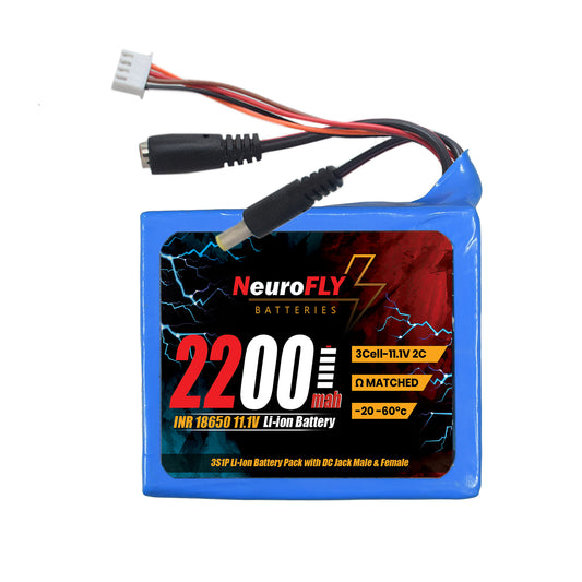 NeuroFLY 11.1V 2200mAh 3S 18650 Li-Ion Battery Pack 2C 3S1P Li-Ion Battery with Male & Female DC Jack and 4 Pin JST Connector - RS9349
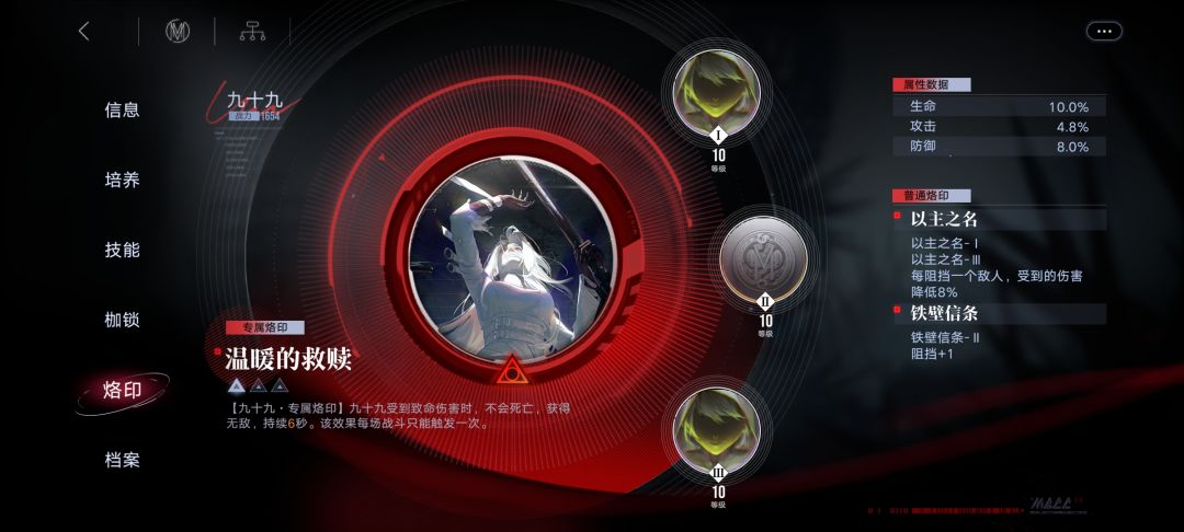 最后对99做个总结,上限没有想象中那么高,但在危级角色里算得上是不错的,如果有资源又想练一个能抗又有不错输出的前排的话可以练,但如果是缺资源最好不要去踩这个坑(想练狂暴打输出的推荐卓娅,nox)。
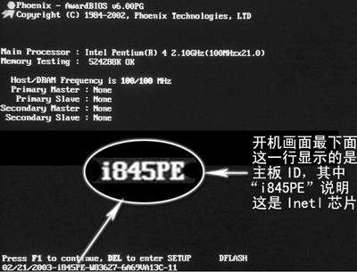 目前主板芯片组主要有Intel、VIA、SiS等几家,它们都有各自的主板驱动程序。因此在安装主板驱动前,首先要确定当前主板所使用的芯片组品牌和型号。如果主板的包装盒、说明书还在的话,可以通过查看它们从而获知主板信息。另外,当启动电脑进行自检时,也能在启动画面中看到当前主板所使用的芯片组品牌及型号(图1)。
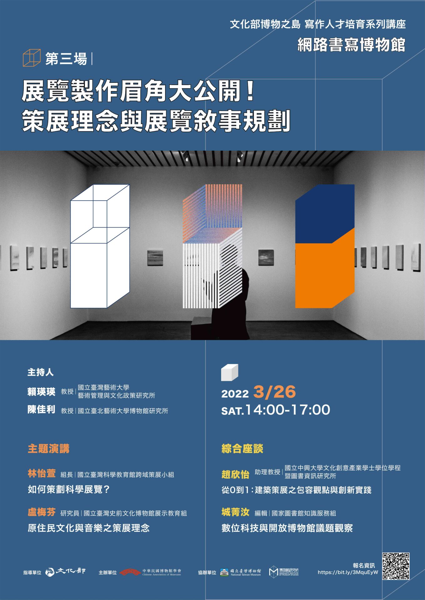 文化部博物之島網站作為博物館資訊入口網,特設立國內外資訊專區,以新訊報導和專文評論,讓關心博物館議題的你即時掌握全球動態,並特別策劃四場「網路書寫博物館—文化部博物之島寫作人才培育系列講座」。第三場的主題為「展覽製作眉角大公開!策展理念與展覽敘事規劃」, 邀請到國立臺灣科學教育館跨域策展小組組長林怡萱、國立臺灣史前文化博物館展示教育組研究員盧梅芬,以及國立中興大學文化創意產業學士學位學程暨圖書資訊研究所助理教授趙欣怡、國家圖書館知識服務組編輯城菁汝,分享他們豐富的策展思維與展覽敘事規劃。

^^^^

_The task_:
Down to the last line, set down the data above exactly, and omit all images.

_Task answer_:
 NeuroFLY 11.1V 2200mAh 3S 18650 Li-Ion Battery Pack 2C 3S1P Li-Ion Battery with Male & Female DC Jack and 4 Pin JST Connector - RS9349
 最后对99做个总结,上限没有想象中那么高,但在危级角色里算得上是不错的,如果有资源又想练一个能抗又有不错输出的前排的话可以练,但如果是缺资源最好不要去踩这个坑(想练狂暴打输出的推荐卓娅,nox)。
 目前主板芯片组主要有Intel、VIA、SiS等几家,它们都有各自的主板驱动程序。因此在安装主板驱动前,首先要确定当前主板所使用的芯片组品牌和型号。如果主板的包装盒、说明书还在的话,可以通过查看它们从而获知主板信息。另外,当启动电脑进行自检时,也能在启动画面中看到当前主板所使用的芯片组品牌及型号(图1)。
 文化部博物之島網站作為博物館資訊入口網,特設立國內外資訊專區,以新訊報導和專文評論,讓關心博物館議題的你即時掌握全球動態,並特別策劃四場「網路書寫博物館—文化部博物之島寫作人才培育系列講座」。第三場的主題為「展覽製作眉角大公開!策展理念與展覽敘事規劃」, 邀請到國立臺灣科學教育館跨域策展小組組長林怡萱、國立臺灣史前文化博物館展示教育組研究員盧梅芬,以及國立中興大學文化創意產業學士學位學程暨圖書資訊研究所助理教授趙欣怡、國家圖書館知識服務組編輯城菁汝,分享他們豐富的策展思維與展覽敘事規劃。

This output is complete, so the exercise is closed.